Process CSV files


We expect two parameters on the command line. The number of parallel processes to run and how many files to process. For parallel 0 means not to use the forking mechanizm at all. We use the number of files instead of accepting the list of files on the command line, becasue it is easier to select a subset of the files this way.

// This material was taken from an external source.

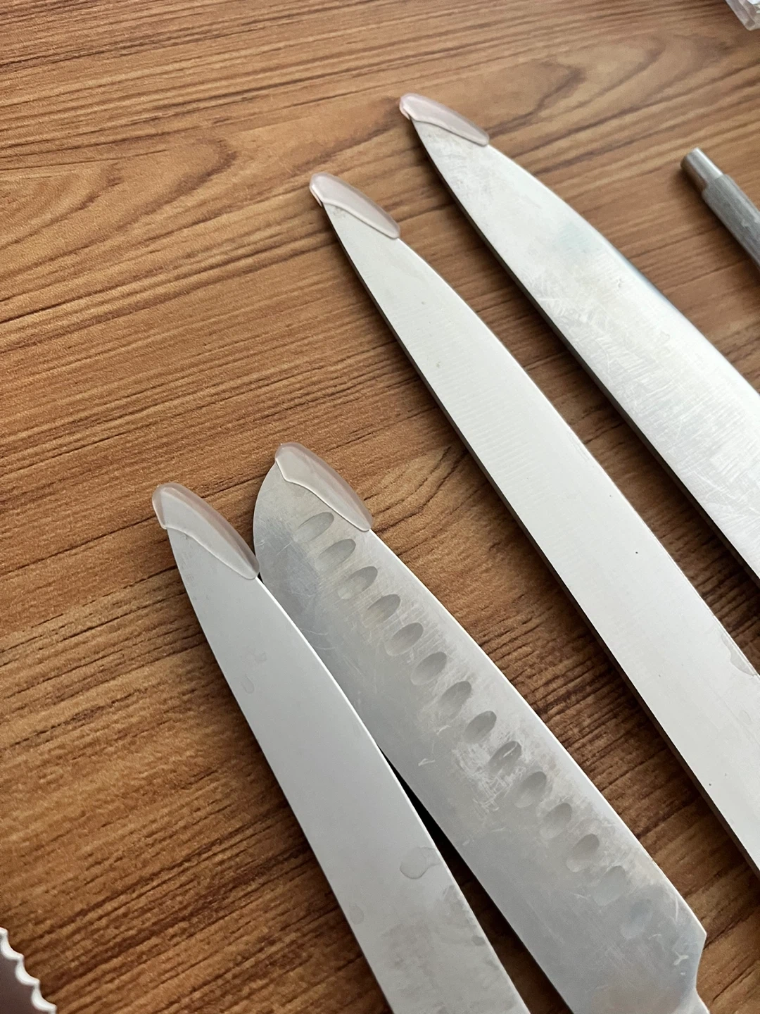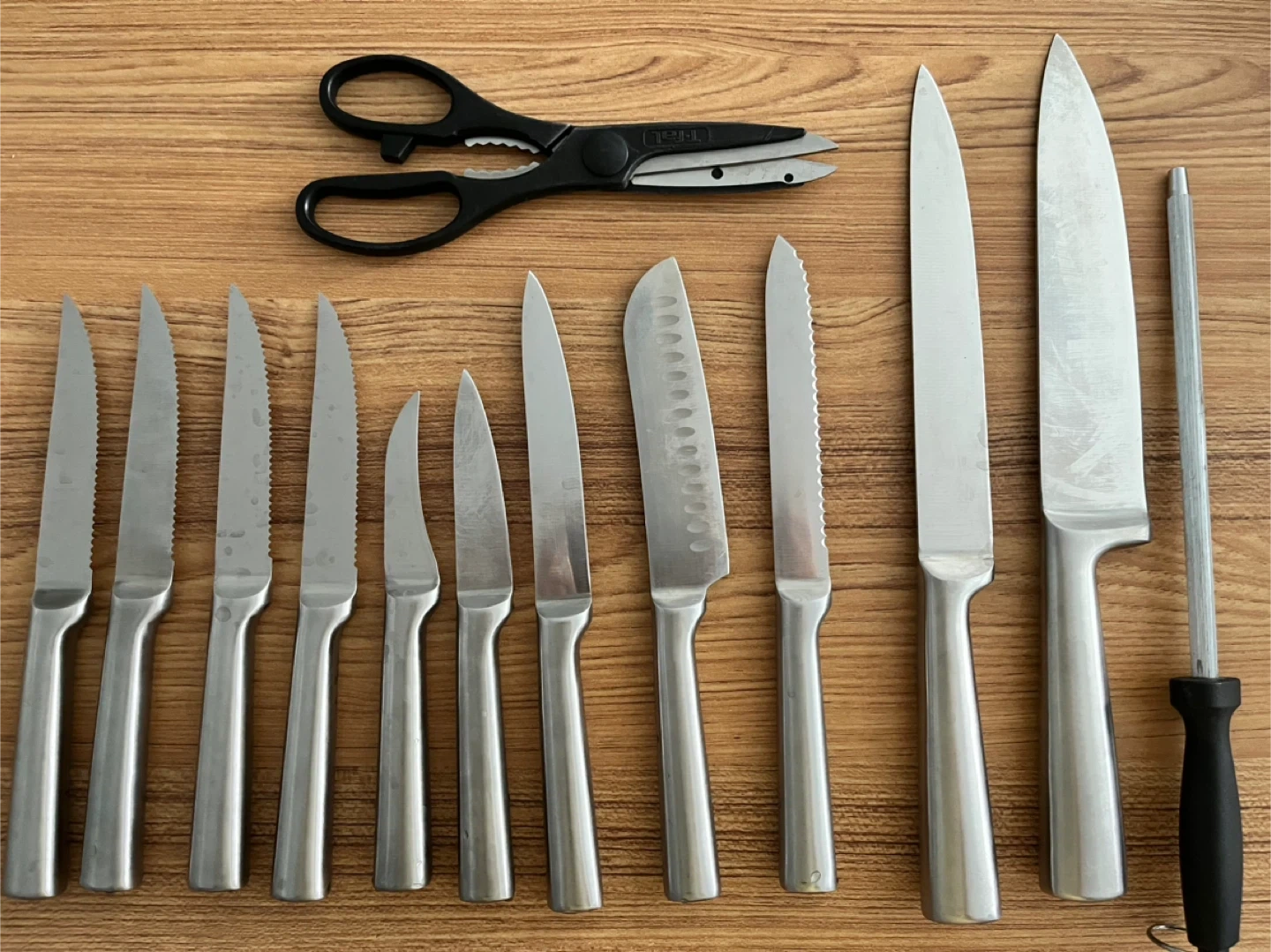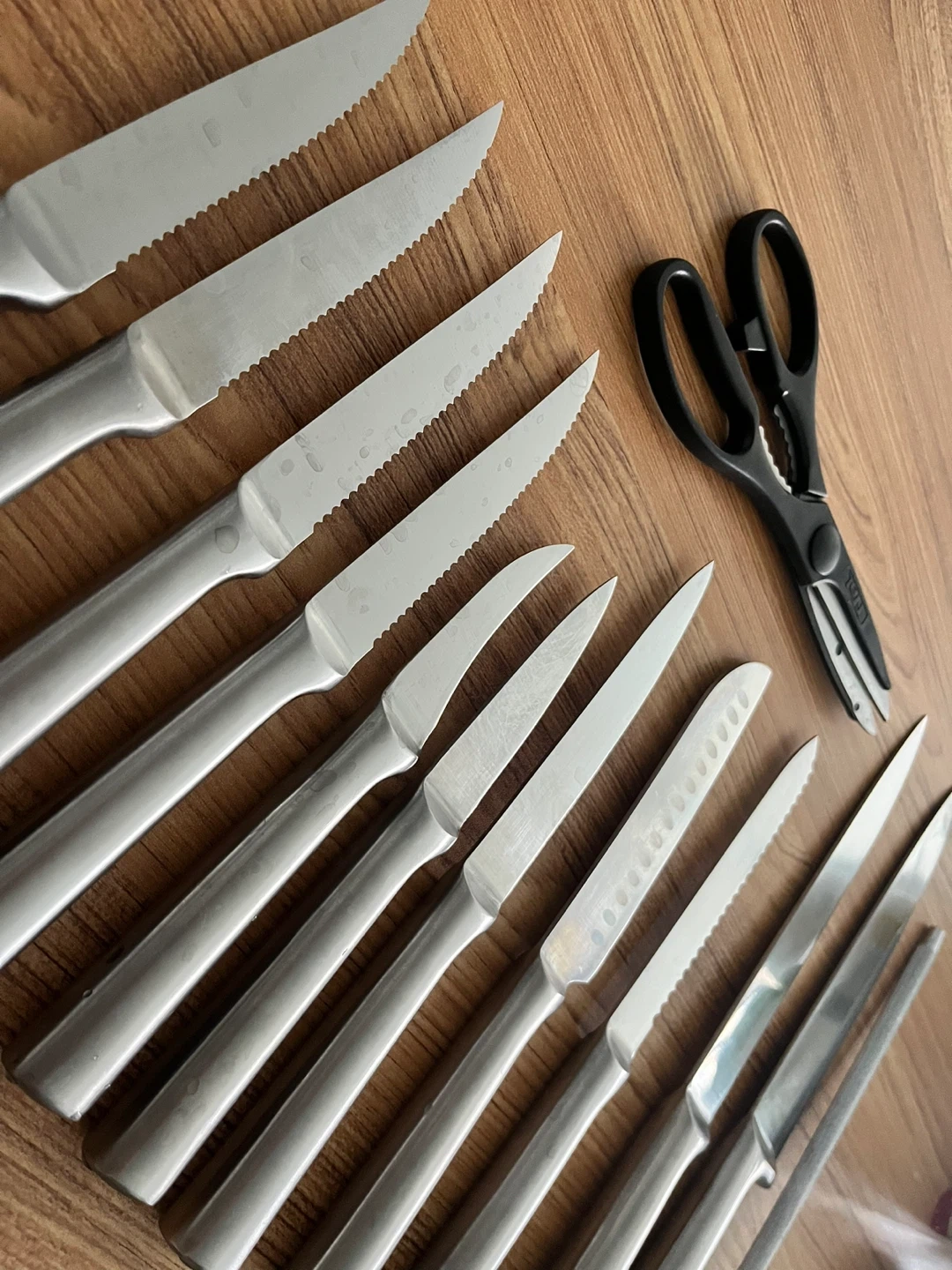 ********Moving-out Sale****** Pick-up is available only between Oct 26 and Oct 27 Knife Block Set, Homever 16-Piece Kitchen Knife Sets with Block, High-Carbon Stainless Steel, Chef Knives with Sharpener, Super-Sharp Blade & Ergonomic Steel Handles, 6 Steak Knives, Easy Clean, Black Used for about 3 years, but mostly used the utility knife, other knives were hardly used. Please note that 2 steak knives are missing and the wooden block is not included(It's broken) They will be wrapped safely for you :) From Amazon https://a.co/d/ctARzi4

examples/forks/process_csv.pl
use strict;
use warnings;
use Time::HiRes qw(time);
use lib '.';
use Task;
use ForkedProcessCSV;

main();

sub main {
    my ($parallels, $file_count) = @ARGV;
    die "Usage $0 PARALLELS FILE_COUNT\n"  if not defined $file_count;

    my %results;
    my @files = sort glob "data_*.csv";
    die "Not enough files\n" if $file_count > @files;
    @files = @files[0 .. $file_count-1];
    #print "@files";

    my $start = time;
    if ($parallels == 0) {
        for my $file (@files) {
            my $total = Task::process_file($file);
            $results{$file} = $total;
        }
    } else {
        %results = ForkedProcessCSV::process_csv($parallels, @files);
    }

    for my $file (@files) {
        print "$file $results{$file}\n";
    }

    my $end = time;
    my $elapsed = $end-$start;
    printf "Elapsed time %.2f\n", $elapsed;
}

$ perl process_csv.pl 0 1
Elapsed time 1.51

$ perl process_csv.pl 0 4
Elapsed time 5.92

$ perl process_csv.pl 2 4
Elapsed time 4.02

$ perl process_csv.pl 4 4
Elapsed time 4.01

$ perl process_csv.pl 0 10
Elapsed time 15.18

$ perl process_csv.pl 4 10
Elapsed time 9.05